Print exactly the lines from the one that contains "Gmünder Club feiert" through the final line of the entries below, both included, and nothing else; omit the pictures.

==============================

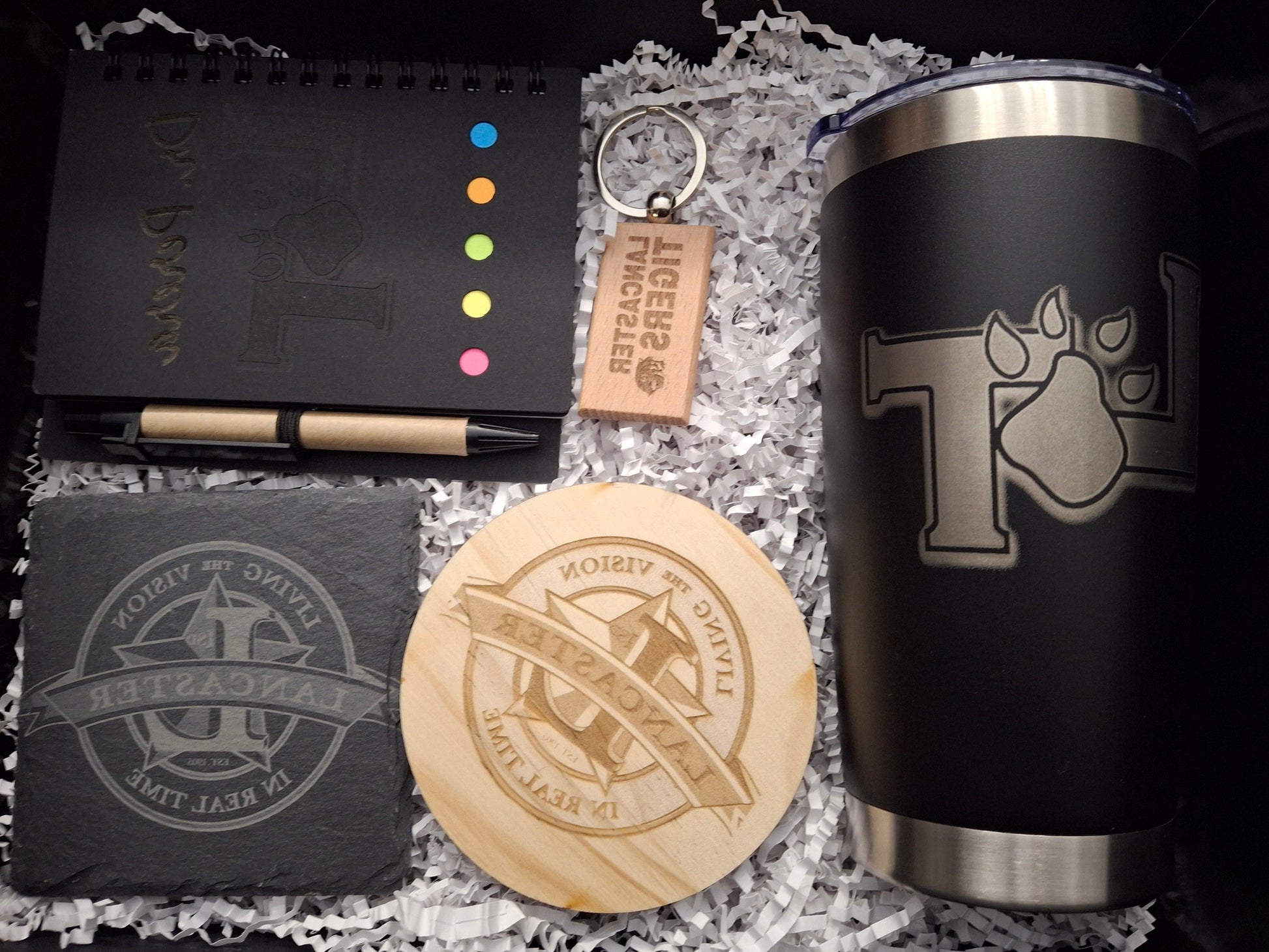Personalized Executive Gift Box- Custom Engraved Tumbler, Notebook w/Pen, Coaster & Keychain
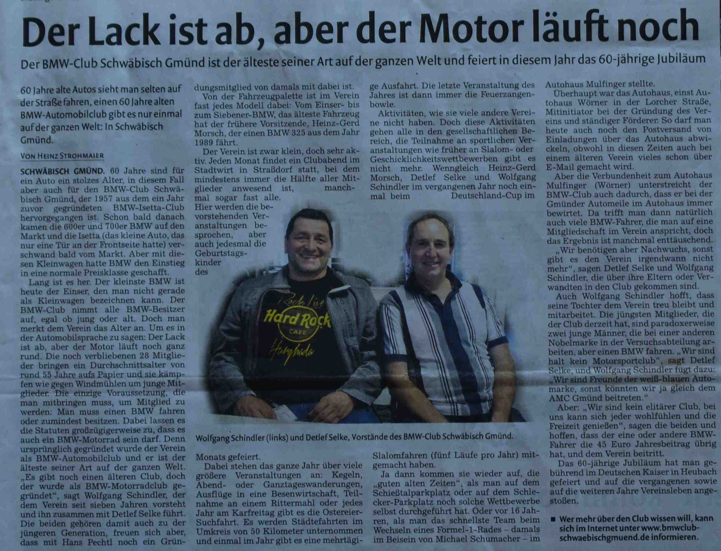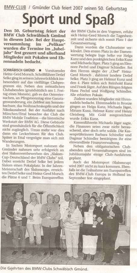 Gmünder Club feiert 2007 seinen 50. Geburtstag
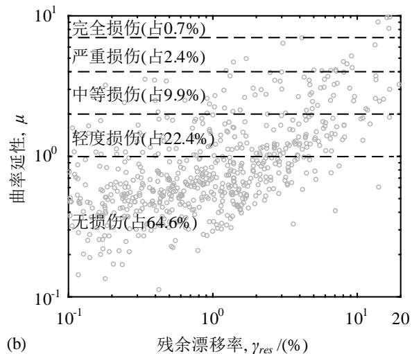 图 5 震后墩柱残余漂移率与 (a) 地表残余位移以及 (b) 墩柱曲率延性之间的关系
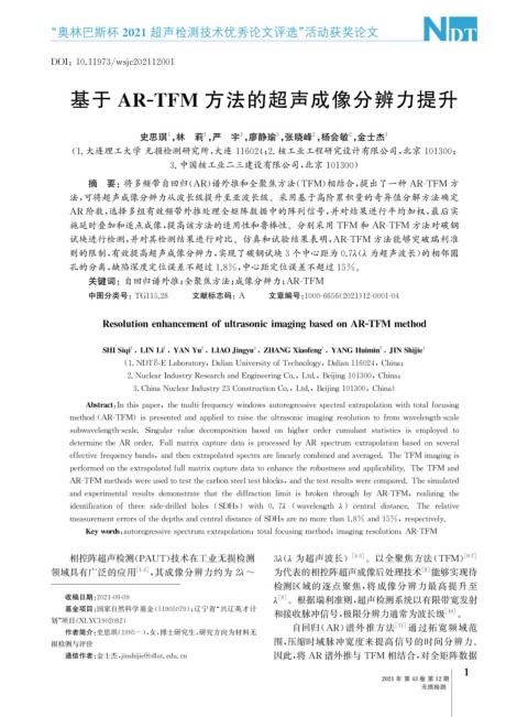 关键词: 自回归谱外推; 全聚焦方法; 成像分辨力; AR-TFM
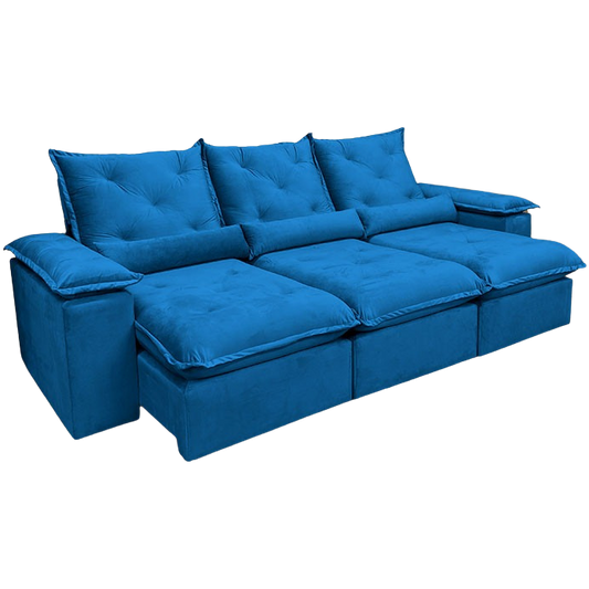 Sofá Retrátil e Reclinável Brasão 2,70 m Veludo Azul – MD ESTOFADOS

==============================

→ Output for this exercise
 Gmünder Club feiert 2007 seinen 50. Geburtstag
 图 5 震后墩柱残余漂移率与 (a) 地表残余位移以及 (b) 墩柱曲率延性之间的关系
 关键词: 自回归谱外推; 全聚焦方法; 成像分辨力; AR-TFM
 Sofá Retrátil e Reclinável Brasão 2,70 m Veludo Azul – MD ESTOFADOS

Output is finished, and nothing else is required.